-
Type: Bug
-
Resolution: Done
-
Priority: Critical - P2
-
Affects Version/s: None
-
Component/s: None
-
None
Using 2.0.2, but I believe this is still an issue in master.
The problem is here:
def read(length) handle_errors do data = read_from_socket(length) while data.length < length data << read_from_socket(length - data.length) end data end end
read_from_socket does not check if the socket is half-closed when it returns 0, so you spin on the read, leading to 100% cpu usage and no progress.

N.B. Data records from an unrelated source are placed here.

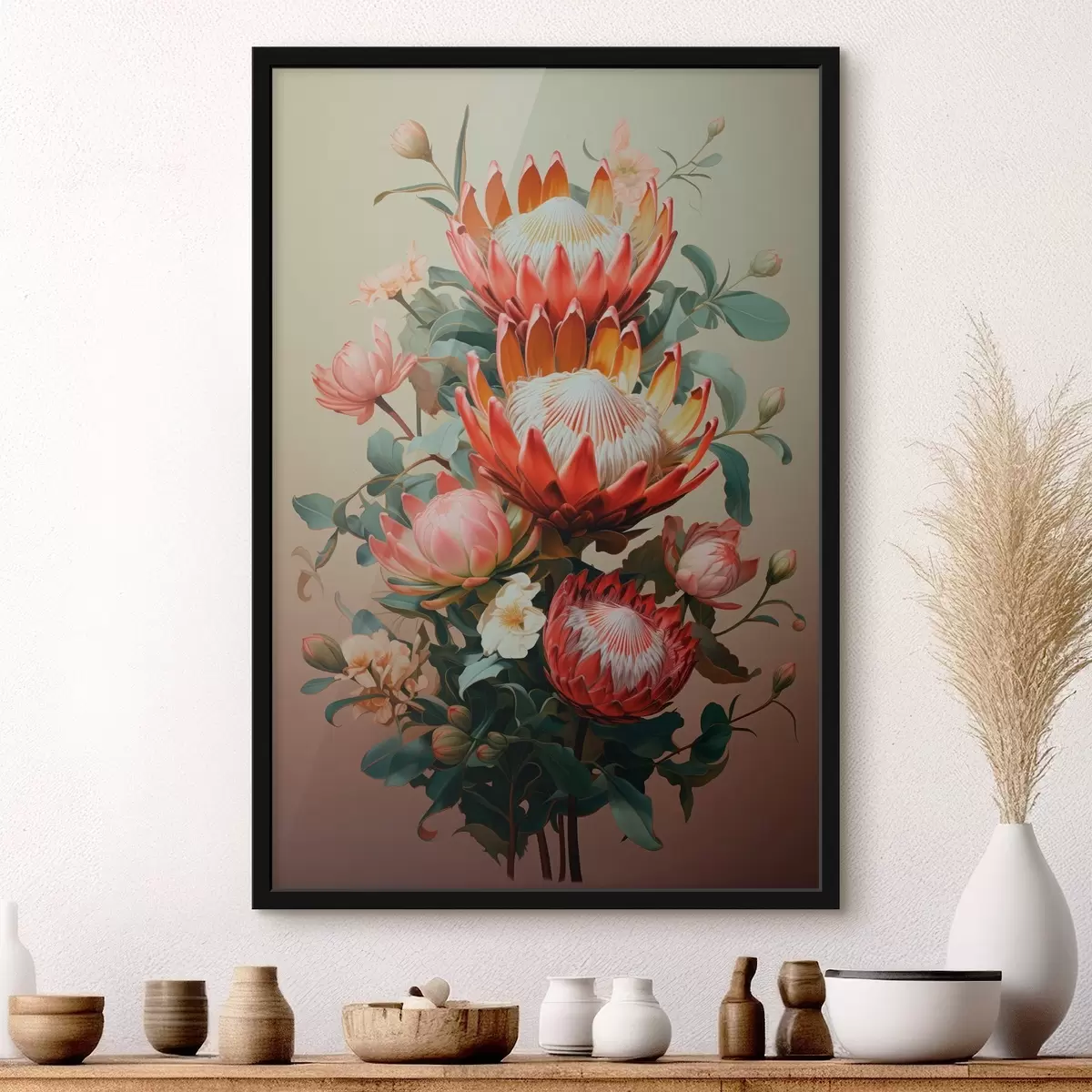 Poster Compositie met grote protea's in een moderne digitale schilderachtige illustratiestijl f46947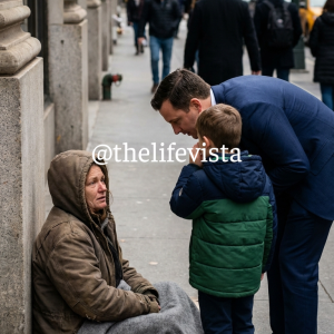 Her clothes were clean but thin, chosen not for warmth but to avoid drawing attention, and she held a paper cup in both hands as though it were something easily taken away. What stood out most were her eyes, which moved from face to face with practiced caution, not hopeful or pleading, but assessing, measuring risk, and preparing for rejection before it arrived.
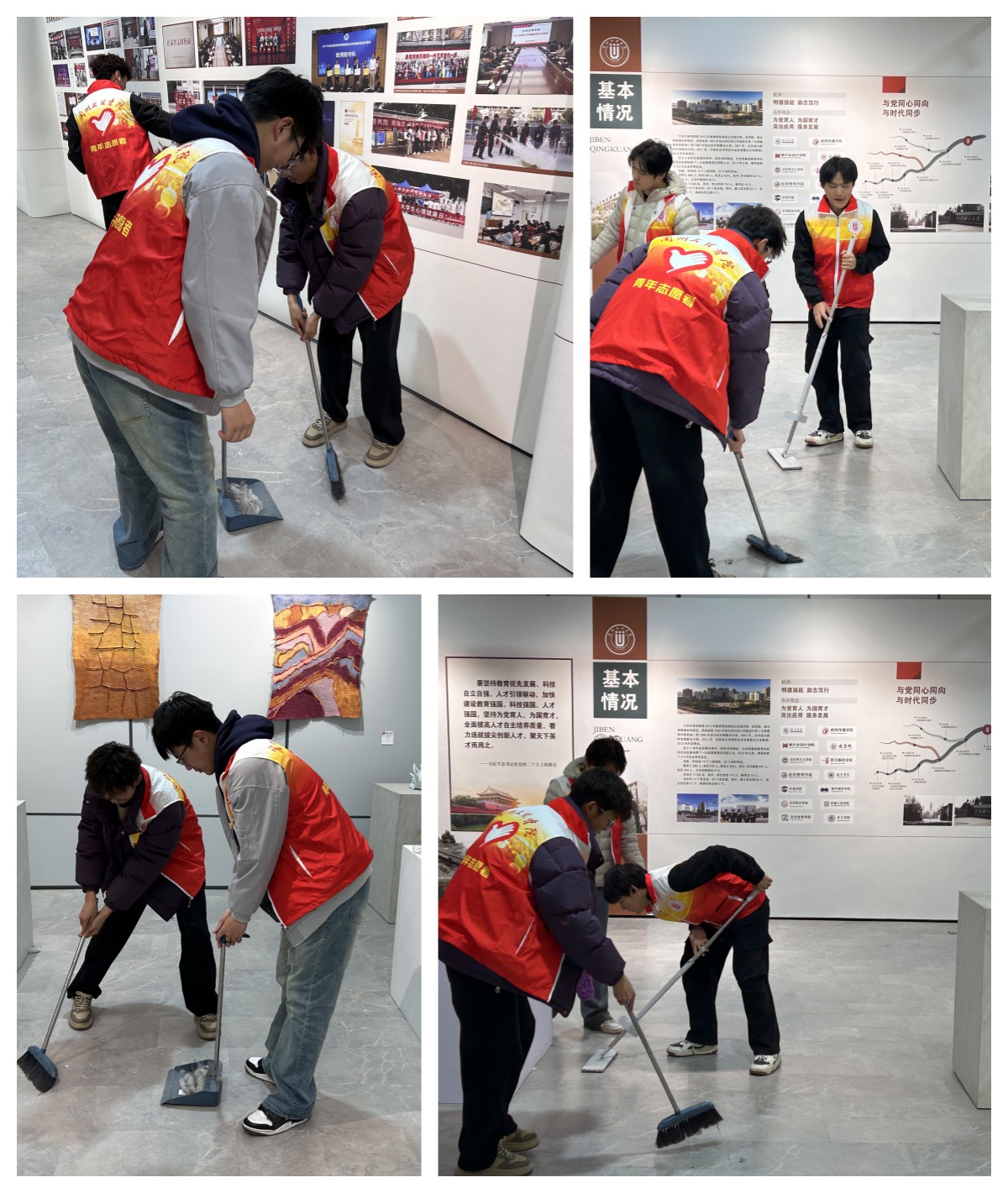 活动中,同学们热情高涨,干劲满满,积极投身到清扫工作中。大家依据事先规划好的任务安排,分工明确,配合默契。负责地面清扫的同学紧握扫帚,一丝不苟地将灰尘与杂物聚拢成堆;擦拭展台的同学则拿着抹布,反复擦拭,不放过任何一处污渍,同时对展品的摆放角度进行微调,使其在展台中呈现出最佳展示效果;清理角落的同学更是耐心细致,将那些平日里容易被忽视的卫生死角彻底清理干净。他们认真专注的神情、全身心投入的姿态,淋漓尽致地展现出当代大学生志愿者积极服务、无私奉献的精神风貌。

We diagnosed this by noticing the cpu spike, stracing the process which showed that the process was spinning on calling read with a return value of 0. We correlated the fd being used in read to the description in procfs, then grepped lsof for that socket id, which had the status of "can't identify protocol", which is the smoking gun for a half-open TCP connection.
I searched for this issue here, but did not find any others.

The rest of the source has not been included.